The United States Navy purchased SS City of South Haven on 19 April 1918 at Manistee, Michigan. She was converted for naval service at Kraft Shipyard and Dry Dock Company of Chicago, Illinois. USS City of South Haven was commissioned on 9 November 1918, two days before the Armistice that ended World War I. Commanded by Lieutenant Commander A. C. Wilvers of the United States Naval Reserve Force, she left Chicago on 29 November and arrived in Boston, Massachusetts on 13 December, where she was to be fitted and sent to Europe for cross-channel transport.
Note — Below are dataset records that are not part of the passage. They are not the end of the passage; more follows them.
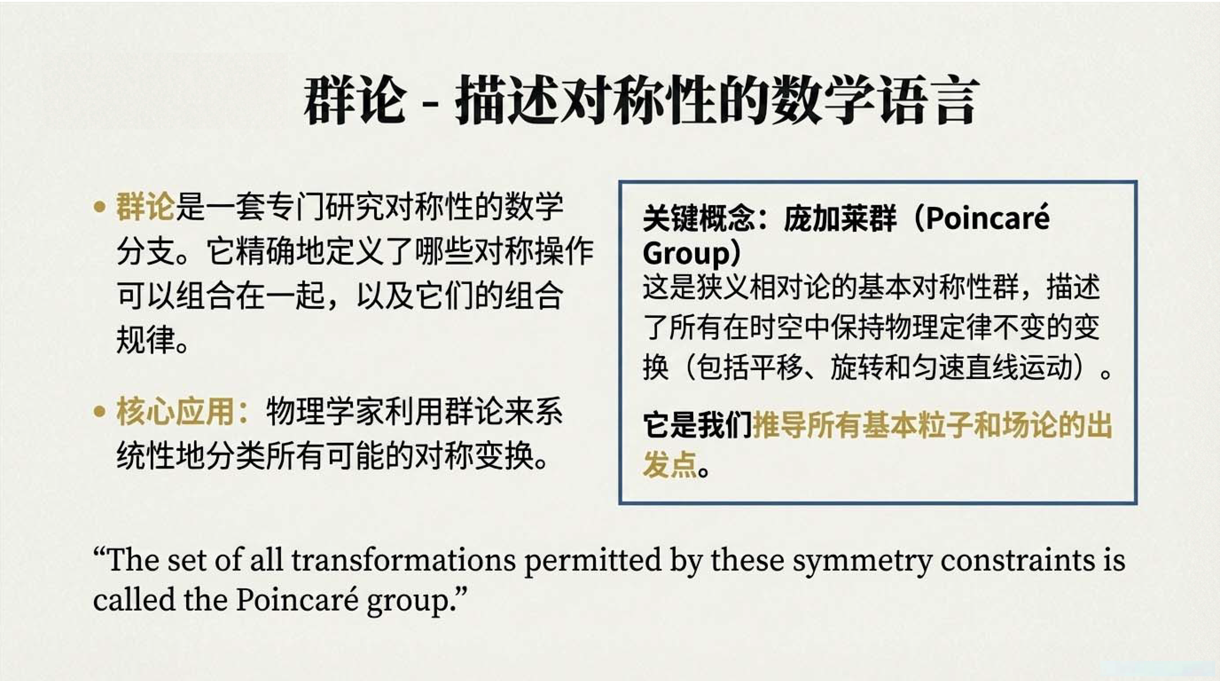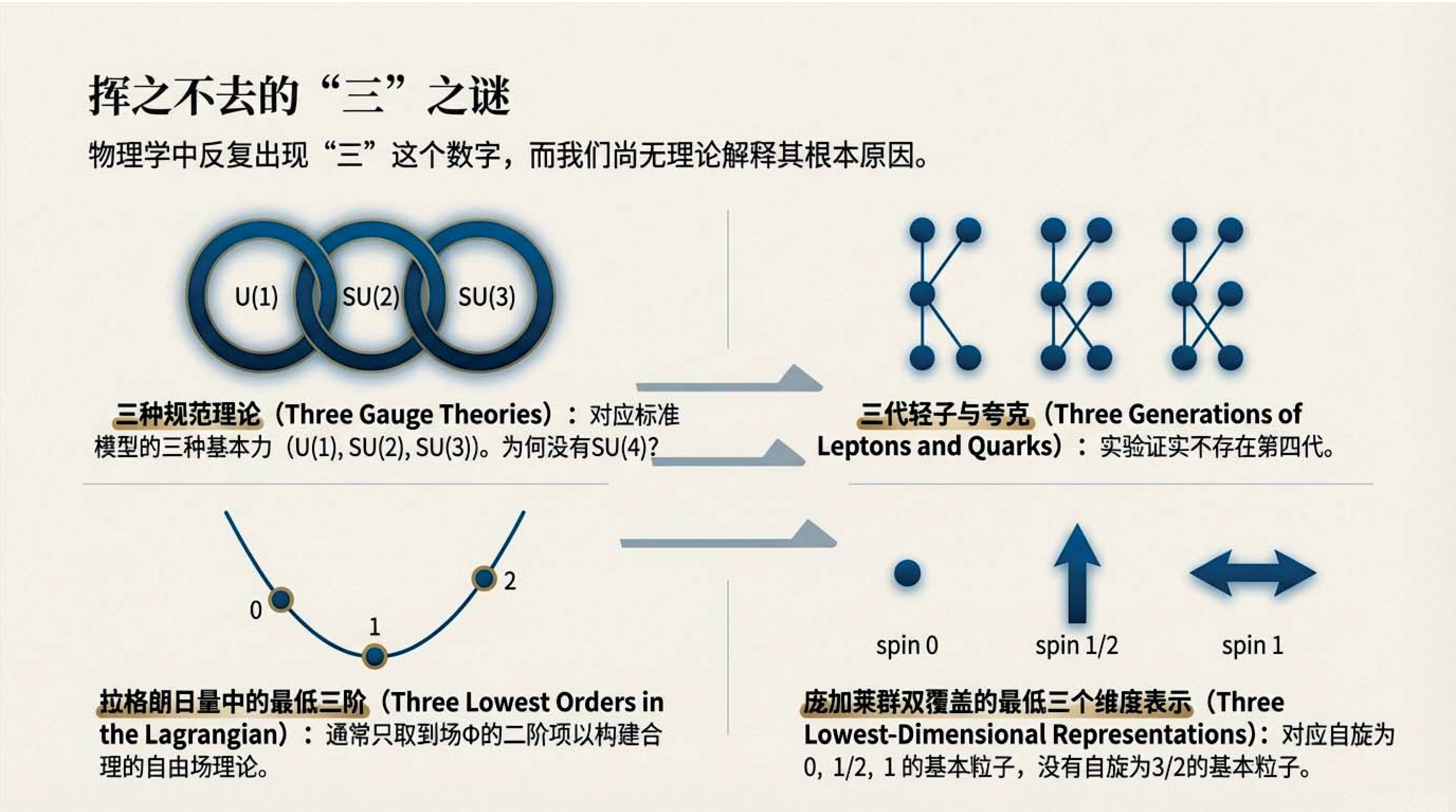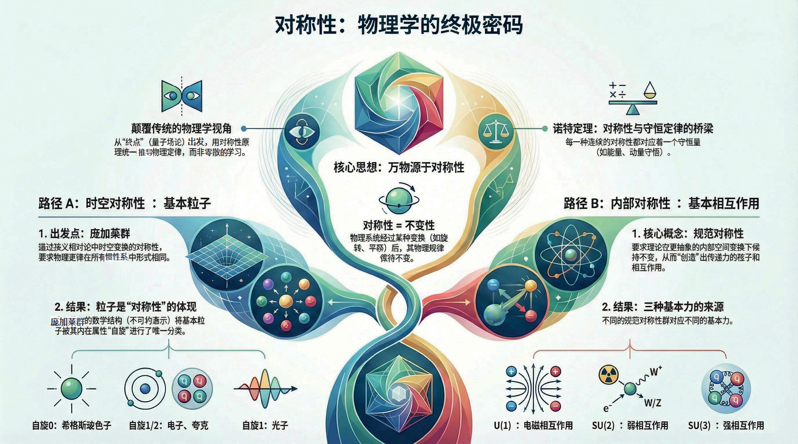 第1课视频的主要内容: 阐述对称性是物理学的核心思想,介绍了从时空和内部对称性推导物理定律的路径,包括基本粒子分类、基本力来源等。还探讨了理论假设、自然常数、引力特殊情况、自然单位制等内容,以及粒子构成基本相互作用和传递者等知识。第1课完整讲义:zhuanlan.zhihu.com00:00 开篇语01:0401:5804:5107:2307:5410:4511:3612:0612:3815:0216:2018:1820:34 结束语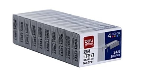得力0211彩色订书钉12#(混)(800枚/盒)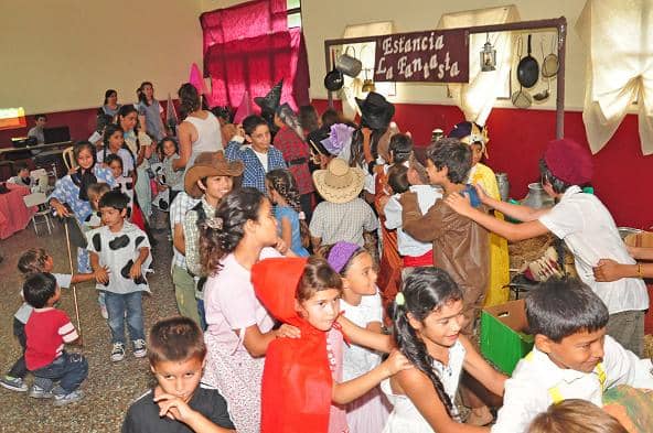 Los chicos reciben el desayuno en el lugar, luego los que asisten al colegio en turno mañana son llevados en el transporte municipal y los que asisten por la tarde se quedan realizando diversas actividades, hasta el momento del almuerzo, y posteriormente, son llevados también, a la escuela.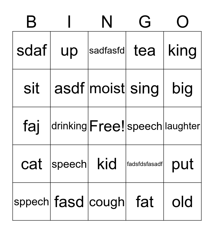 This bingo card has a free space and 29 words: sppech, swallowing, drinking, eatingn, sdaf, sadfasfd, asdf, speech, speech, fasd, laughter, old, cough, fat, big, small, kid, cat, king, faj, fadsfdsfasadf, paul, sing, sit, tea, up, put, moist and noise.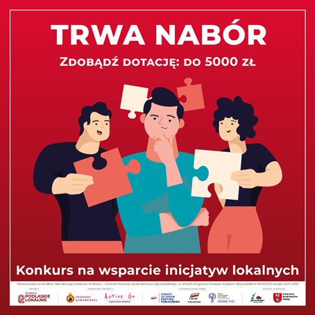 Już wkrótce rozpocznie się nabór na mikrodotacje, dzięki któremu zrealizujesz swoją inicjatywę! Operatorzy projektu Podlaskie Lokalnie – Fundacja Instytut Suwerennej oraz Spółdzielnia Socjalna „Active Go” w Białymstoku zachęcają do składania wniosków mikrodotacyjnych w ramach Konkursu na Wsparcie Inicjatyw Lokalnych.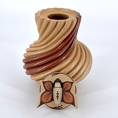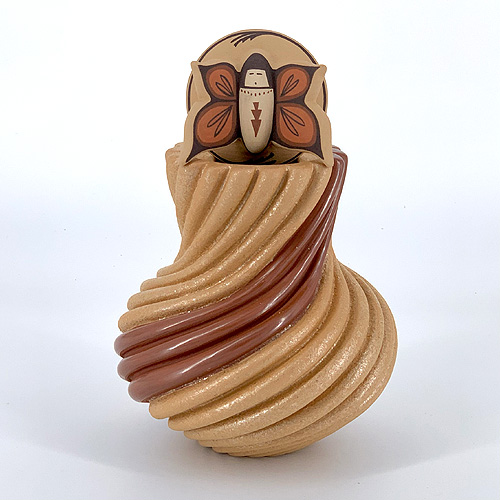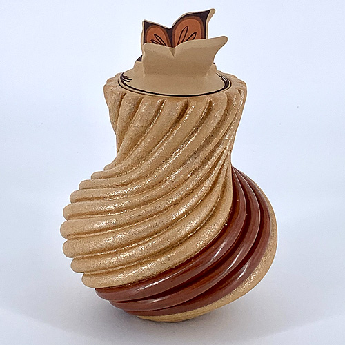 styled hand coiled melon swirl pottery with butterfly lids. She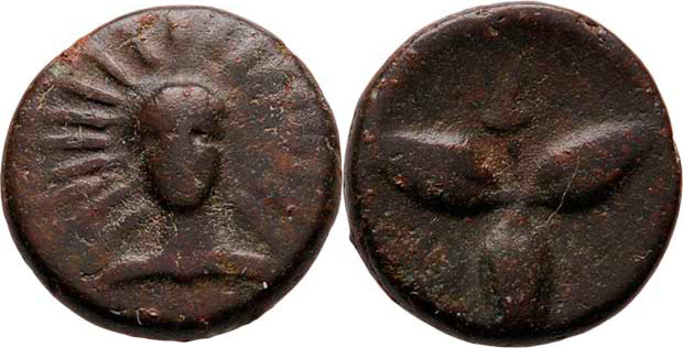 AE 12mm, hlava Helia čelně / tři obilná zrna, monogram, SG.neuvádí, 2.172g, pěkná patina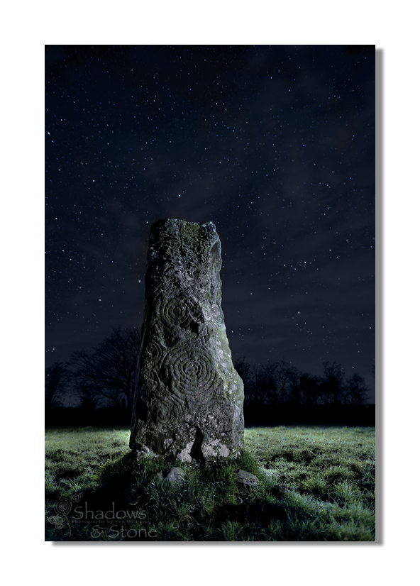The site is located down a maze of local minor roads, miles from the nearest village or town and is about as good a dark-sky location as anywhere on the east coast on very clear nights. Some light pollution from Oldcastle was dimly visible while I was taking pictures, giving an orange tint to some of the longer exposure photographs. Seeing as it was heading into the St. Patrick’s festival weekend, I thought it would be worth rummaging around the bottom of the camera bag for some Strobist gels to add a festive green tint to the stone, I’m not normally a big fan of using different coloured effects with flash but here’s the slightly more subtle results using a fluorescent correcting light shade of green over the handheld flash unit:
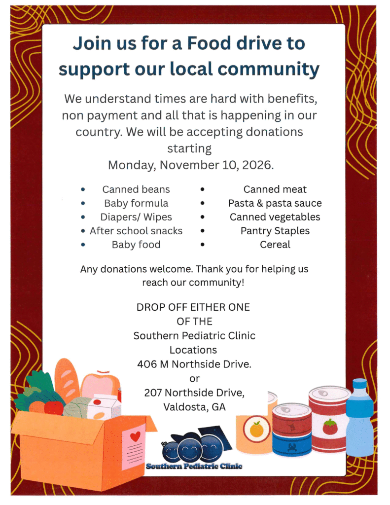 Southern Pediatric Clinic invites the public to a food drive at two locations in Valdosta to help support the local community. The food drive will start accepting donation on Monday, November 10, 2026.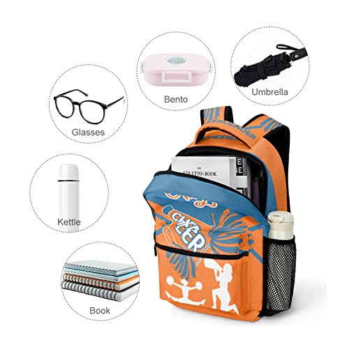 Personalized Cheerleader Backpacks Name Waterproof Laptop Bags Cheer Pom Orange Blue 3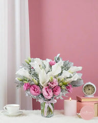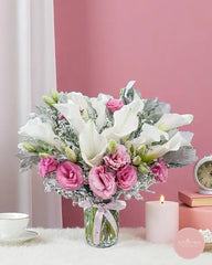 This graceful vase arrangement features the timeless elegance of white calla lilies paired with soft pink lisianthus, dusty miller, and delicate fillers. The blend of whites and blush tones creates a soothing, refined look—perfect for expressing admiration, love, or sympathy.
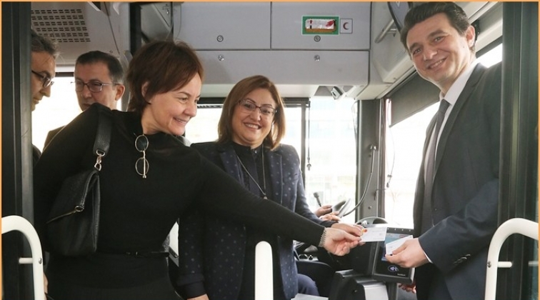 Konuşmaların ardından Gaziantep Büyükşehir Belediye Başkanı Fatma Başkan Şahin, otobüste temassız kredi kart sistemini kullandı.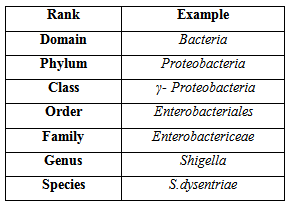 A species is a collection of strains that have a similar G+C composition and 70% or greater similarity as judged by DNA hybridization. Ideally a species also should be phenotypically distinguishable from other similar species. An example of hierarchy in taxonomy is given below.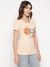 Peach Printed Round Neck T-Shirt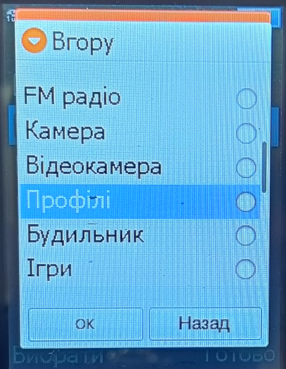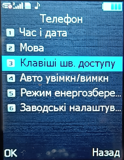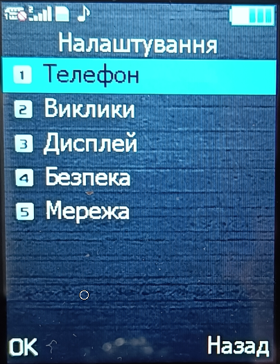 Перейдіть до Меню–Налаштування, натисніть ОК (або центр клавішу) |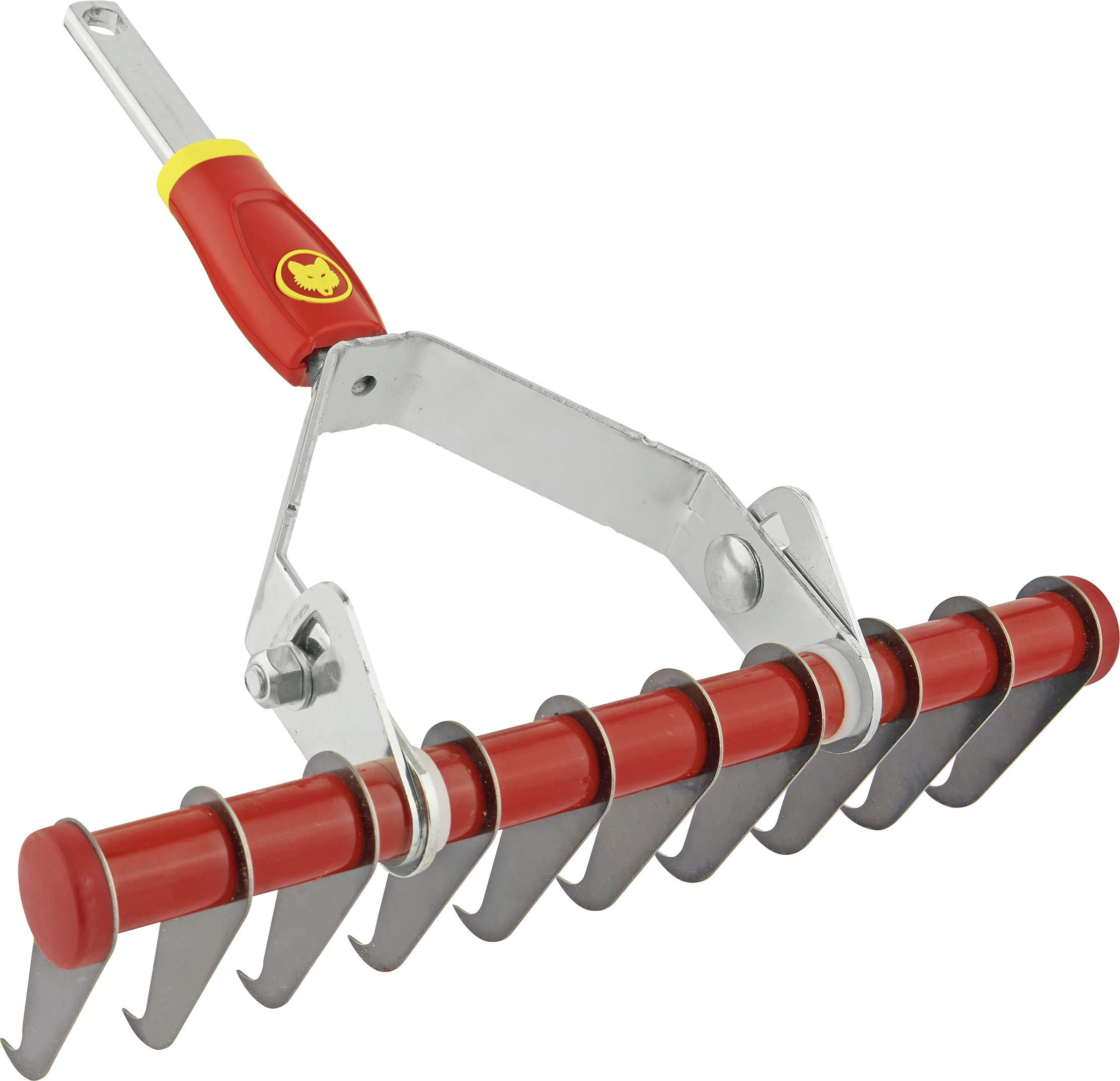 Gründliche Reinigung des Rasens von Moos und Rasenfilz. Pendelnd gelagerte Vertikutiermesser.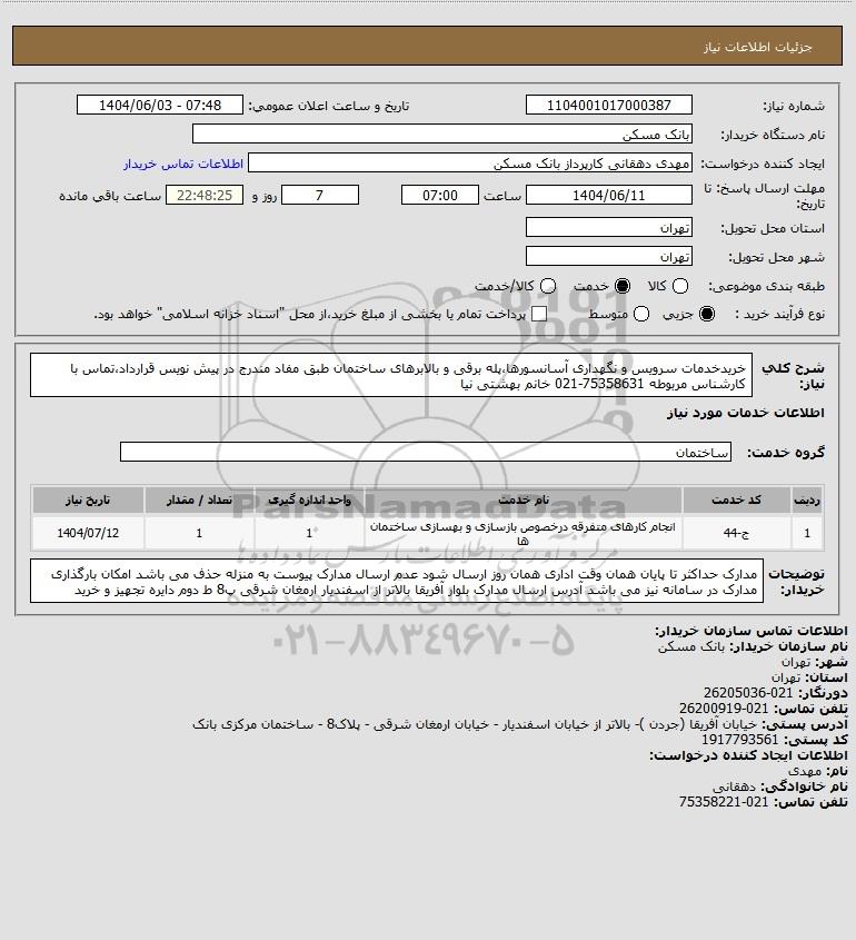 شرح کلی نیاز: خریدخدمات سرویس و نگهداری آسانسورها،پله برقی و بالابرهای ساختمان طبق مفاد مندرج در پیش نویس قرارداد،تماس با کارشناس مربوطه 75358631-021 خانم بهشتی نیا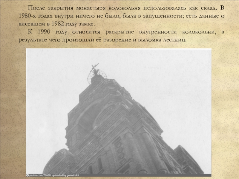 Слайд 25После закрытия монастыря колокольня использовалась как склад. В 1980-х годах внутри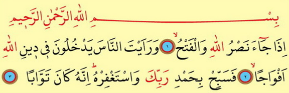 Izä jäe nasrullahi welfeth. We raeýtennäse ýedhulune fiý dinillähi efwäjä. Fesebbih bihamdi rabbike westagfirh, Innehu käne tewwäbä.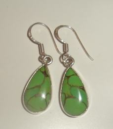 Srebrne naušnice s poludragim kamenom zelenim tirkizom. Srebro 925, sa žigom na poleđini.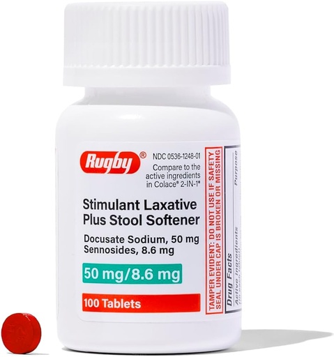 Rugby Stimulant Laxative Plus Stool Softener Docusate Sodium 50 mg/Sennosides 8.6 mg - Laxative Tablets for Constipation Relief - Stool Softeners for Women, Men, and Kids - 100 Tablets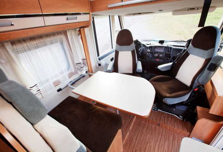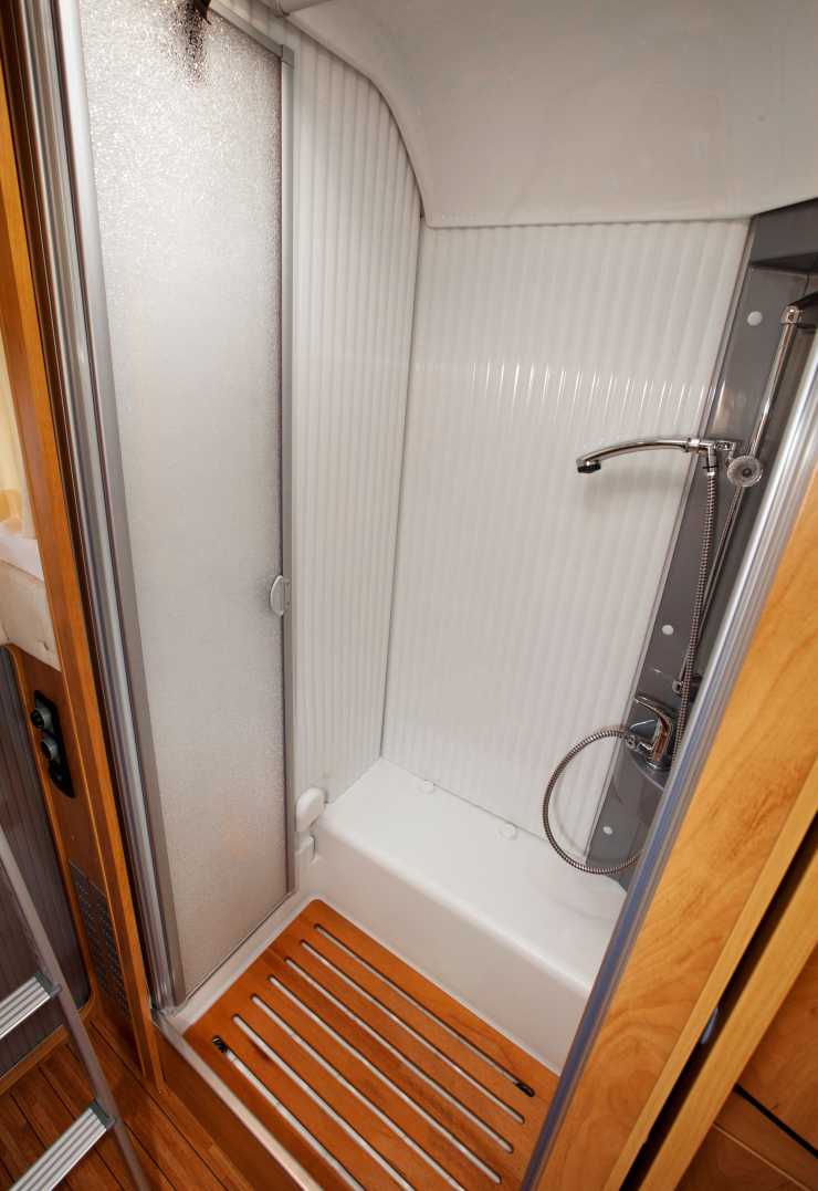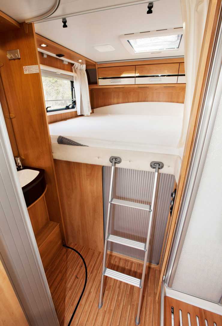 Sen följer på bilens vänstersida kylskåpet som rymmer 100 liter och har ett köldfack på 9 liter. Under kylen finns förvaring i tre utdragbara lådor och ovanför finns ett skåp med en TV-arm. På motsatt sida finns köket som har en kombinerad trelågig spis och diskho. Förvaring sker i överskåp och lådor under bänkskivan. Något det är ont om är arbets- och avstänningsytor. Sittgruppen utgörs av en rak soffa med plats för två samt de vridbara färdstolarna. Matbordet är förlängningsbart och räcker då till alla sittande. Bordet i vår bil verkar haft en tung rumpa vilande på sig för benet är aningen krökt och det rasslar avsevärt under vår provkörning. Den nedfällbara sängen fram mäter 140x185 cm. Möjligheten finns att inte ha denna säng. Ett vettigt val ifall ingen kommer att använda den, den väger en hel del. Å andra sidan är denna säng en av de största fördelarna med en helintegrerad bil. Med tanke på andrahandsvärdet är det kanske en fördel att välja en oavsett behov.

However, with the end of hostilities the ship, no longer needed, was placed on the sale list, sold to the Goodrich Transit Company of Chicago, struck from the Navy List on 27 September 1919, decommissioned on 3 December, and delivered to her new owners.

==Post-war service==
Following her brief stint in the Navy, SS City of South Haven would change names and ownership a number of times before finally returning to the Great Lakes. Goodrich Transit sold her in 1919 to J.G. Crosby of Chicago. J.G. Crosby in turn sold her to the Havana-American Steamship Company of Miami, Florida on 3 February 1920. Her name was then changed to SS City of Miami and she was resold on 21 May to A.O. Anderson and Company of Miami. During this period, she would operate between Florida and Cuba. City of Miami returned to her former owners on 17 June 1920 when she was again sold to the Havana-American Steamship Company. The United States Marshals Service next sold her to the O'Brien Brothers Towing Company of Miami on 6 November 1922. Ten days later City of Miami was sold to the Havana Navigation Corporation of Miami. The following year she was sold to the Crosby Transportation Company of Milwaukee, Wisconsin and renamed SS E. G. Crosby. This sale would return her to the Great Lakes. In 1924, she would be sold for the final time to the Wisconsin and Michigan Transportation Company of Milwaukee. She was laid up in 1931 and suffered massive fire damage in a boneyard at Sturgeon Bay, Wisconsin on 3 December 1935. As a result, she was scrapped in 1942.